Le colonel Zennou Moussa Aghali, qui préside la Commission, a rappelé que les textes en vigueur ne permettent pas de divulguer les noms des personnes visées. Cette réserve est importante. Dans un pays où la lutte anticorruption peut vite se confondre avec la mise en scène du scandale, le choix de la procédure vise à maintenir une forme de sécurité juridique. La Commission dit agir par sanctions pécuniaires et par restitution des avoirs, dans le cadre légal. C’est une logique de recouvrement avant tout, pas une logique de publicité punitive.

Une réponse à un problème plus vaste : gouvernance, dette et confiance

Le chiffre de 74 milliards ne doit pas être lu isolément. Au Niger, les besoins de trésorerie restent élevés, et les autorités continuent de s’appuyer sur des appuis extérieurs, des émissions régionales et des opérations de reprofilage de dette sur le marché de l’UMOA. En mars 2026, le FMI a encore souligné que l’économie nigérienne faisait preuve de résilience, mais que les risques liés à la sécurité, aux chocs climatiques et à la baisse de l’aide extérieure demeuraient forts. Dans ce contexte, la récupération d’avoirs publics a une fonction budgétaire directe, mais aussi une fonction politique : elle sert à montrer que l’État reprend une part du contrôle perdu.

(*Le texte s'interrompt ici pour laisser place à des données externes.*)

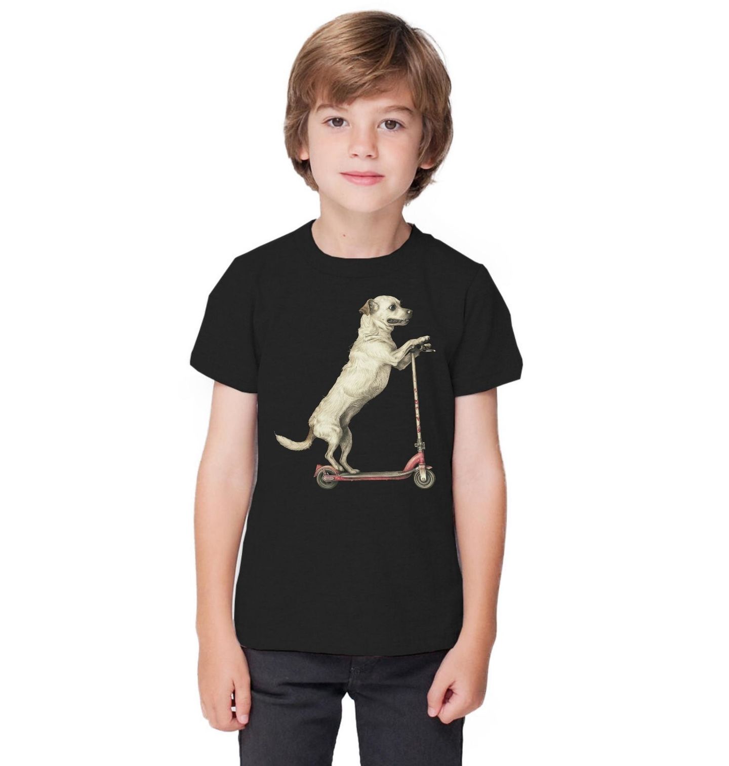 Dětské tričko Voříšek na Koloběžce. Podle vzhledu jde nejpravděpodobněji o křížence malého plemene Jack Russell teriér. Tenhle pes se s obyčejnou procházkou nespokojí. Naskočí na koloběžku, chytí řídítka a jede naplno vstříc dalšímu dobrodružství. Motiv zachycuje hravého křížence – typického voříška s energií a odvahou, kterou dobře zná každý pejskař.

Pour les administrations, ce type de recouvrement peut produire un effet dissuasif. Pour les agents publics, il rappelle que les circuits de gestion ne sont plus aussi opaques qu’avant. Pour les citoyens, surtout dans les centres urbains où l’accès aux services dépend de la qualité des finances publiques, le sujet est concret : salaires, investissements, équipements, justice fiscale. Pour les zones rurales, où la présence de l’État reste plus fragile, l’enjeu est encore plus net. Un franc récupéré est un franc qui peut revenir vers l’école, la santé, l’eau, ou la maintenance des routes secondaires. Mais cela suppose une chaîne de dépense plus transparente que la chaîne de recouvrement elle-même.

La question de fond est donc celle de la crédibilité institutionnelle. La Commission ne remplace ni la Cour des comptes, réhabilitée dans le cadre du renforcement du dispositif fiduciaire, ni les inspections de l’État, ni la justice. Le FMI insiste d’ailleurs sur la nécessité d’un cadre coordonné avec la CoLDEFF et l’Inspection générale de l’État pour maximiser l’efficacité du contrôle. Autrement dit, le recouvrement spectaculaire ne suffira pas sans architecture durable : contrôle, poursuites, transparence, puis publication des résultats consolidés.

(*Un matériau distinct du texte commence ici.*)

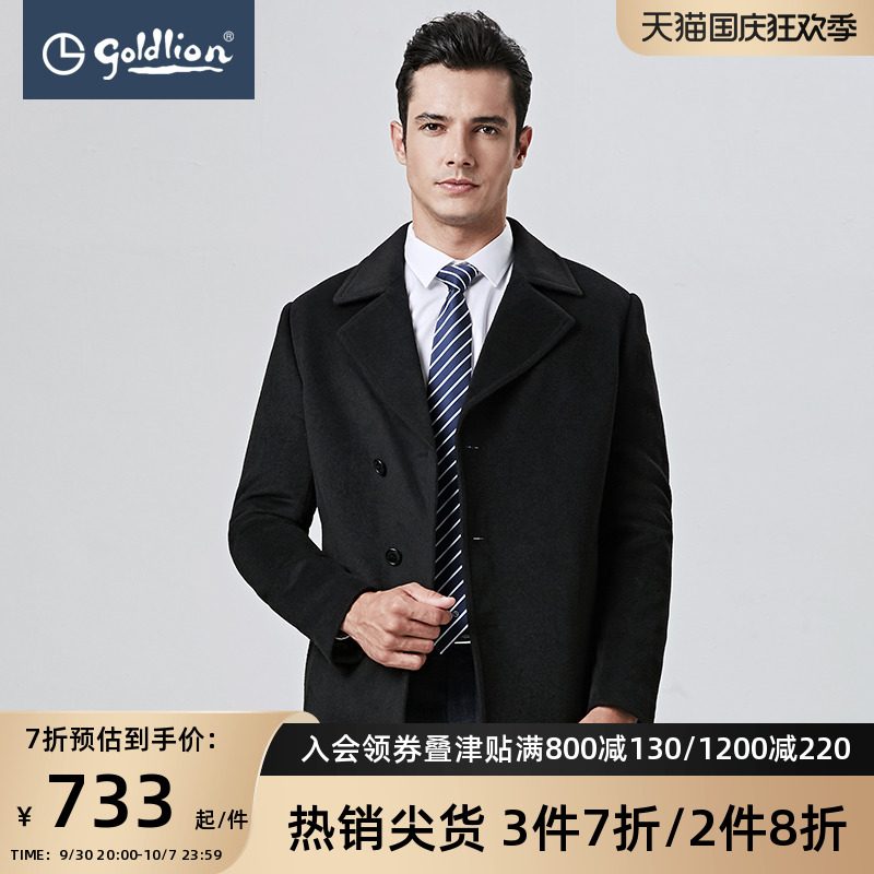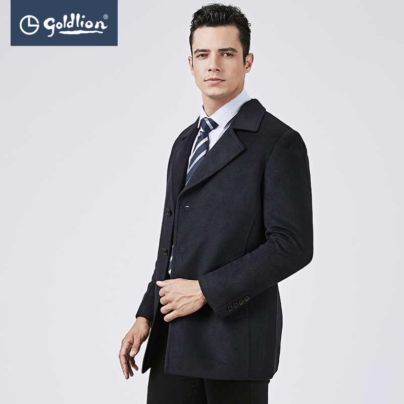 Goldlion men's wool blend warm and stylish business mid-length woolen coat in autumn season
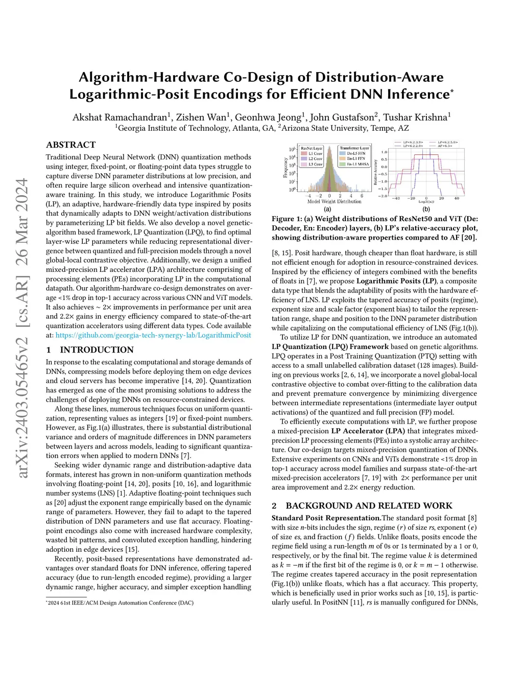 Traditional Deep Neural Network (DNN) quantization methods using integer, fixed-point, or floating-point data types struggle to capture diverse DNN parameter distributions at low precision, and often require large silicon overhead and intensive quantization-aware training. In this study, we introduce Logarithmic Posits (LP), an adaptive, hardware-friendly data type inspired by posits that dynamically adapts to DNN weight/activation distributions by parameterizing LP bit fields. We also develop a novel genetic-algorithm based framework, LP Quantization (LPQ), to find optimal layer-wise LP parameters while reducing representational divergence between quantized and full-precision models through a novel global-local contrastive objective. Additionally, we design a unified mixed-precision LP accelerator (LPA) architecture comprising of processing elements (PEs) incorporating LP in the computational datapath. Our algorithm-hardware co-design demonstrates on average <1% drop in top-1 accuracy across various CNN and ViT models. It also achieves ~ 2x improvements in performance per unit area and 2.2x gains in energy efficiency compared to state-of-the-art quantization accelerators using different data types.
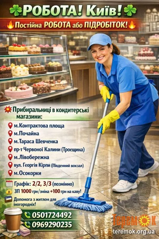 Оплата — 1000 грн за зміну + 100 грн на каву щодня!
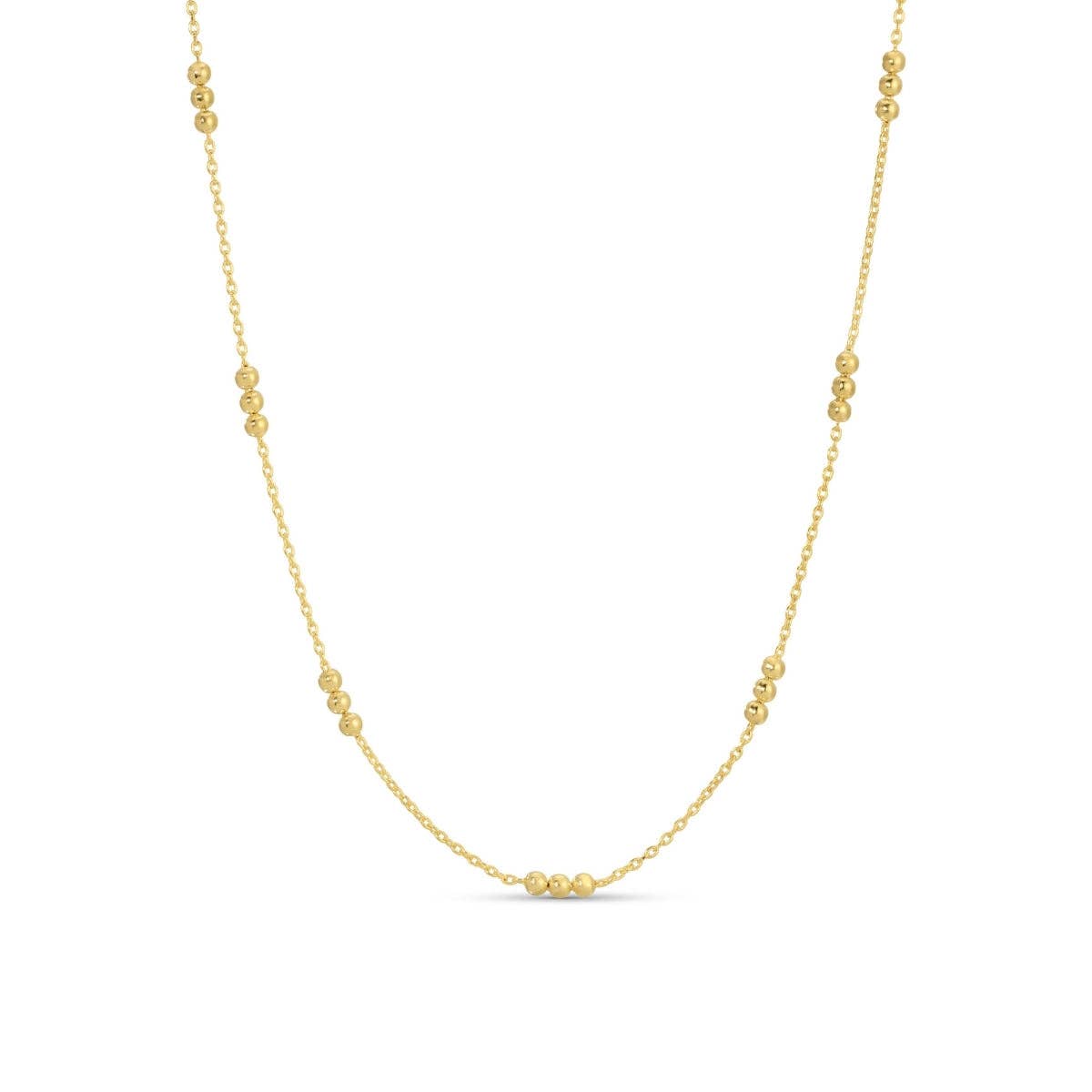 Two rows of round beads carefully wrapped on both side of paperclip links with double chain at the end. Gold filled setting Length: 16-18" adjustable Handcrafted at Mabel's San Francisco atelier.
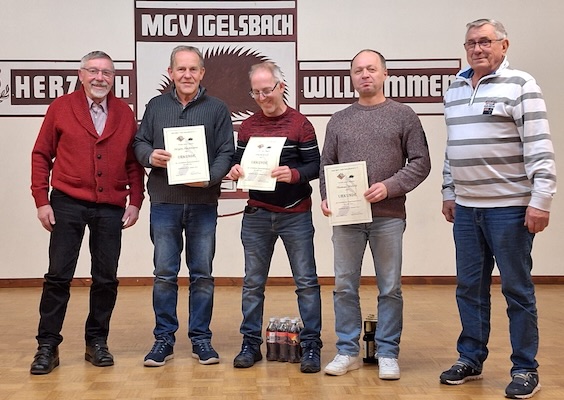 Aus dem Bericht des 1. Vorsitzenden Karlheinz Walter konnte man entnehmen, dass das Jahr 2024 im Großen und Ganzen ein sehr positives Jahr für den MGV war. Alle geplanten Feste konnten dank vieler Helferinnen und Helfer abgehalten werden. Ganz besonders freute es Walter, dass die Sängerzahl von neun auf zwölf Sänger angestiegen ist. Roland Schneider, Josip Vaga und Sebastian Lenz wurden als aktive Sänger durch einige Aktionen gewonnen. Auch 2025 werden gerne noch Neusänger aufgenommen.
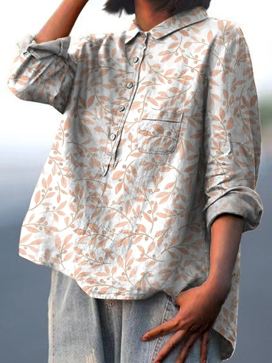 Women's Vintage Flower Art Print Casual Long Sleeve Comfortable Cotton Shirt
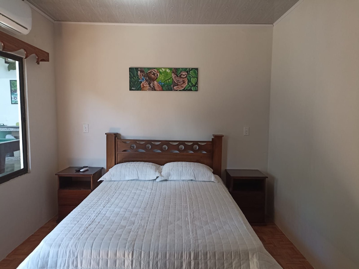 Casa veranera El Mono es un alojamiento tranquilos y cómodos. esta equipado con baño privado, para 4 personas con A/C, tv, WIFI, con área común para jugar billar, descansar o leer e incluye un parqueo privado para.2 carros medianos dentro de las instalaciones, a solo 50 metros cuentas con un restaurante y un supermercado, nos ubicamos a 4 km del parque nacional Manuel Antonio y la playa, te brindamos limpieza a la habitación y facilidad de información y tours en el área

Un signal suivi de près dans l’espace ouest-africain

Ce dossier déborde le seul cadre nigérien. Le Niger évolue dans l’espace de l’UEMOA, où la confiance des investisseurs, la discipline budgétaire et la qualité de la gouvernance publique pèsent sur l’accès aux marchés régionaux. La CEDEAO, même mise à distance sur plusieurs dossiers politiques depuis la rupture de 2023, reste un repère régional pour les standards de gouvernance. À l’échelle du continent, la question du recouvrement d’avoirs illicites touche aussi la crédibilité de la Zone de libre-échange continentale africaine, qui suppose des administrations plus prévisibles et des circuits financiers plus sains.

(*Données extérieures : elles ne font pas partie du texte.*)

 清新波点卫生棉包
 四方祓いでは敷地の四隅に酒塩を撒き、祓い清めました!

La séquence nigérienne est donc à observer dans la durée. Le prochain enjeu n’est pas seulement le montant total qui sera annoncé, mais la manière dont ces fonds seront effectivement réintégrés dans le budget, tracés et utilisés. C’est là que se joue la différence entre un bilan comptable et une réforme de fond. Au Niger, comme dans plusieurs pays d’Afrique de l’Ouest, la lutte contre la délinquance financière ne peut convaincre que si elle débouche sur une gouvernance plus lisible, une administration plus sûre et une économie publique moins vulnérable aux prébendes. C’est à cette condition que les chiffres du recouvrement prendront un sens politique durable.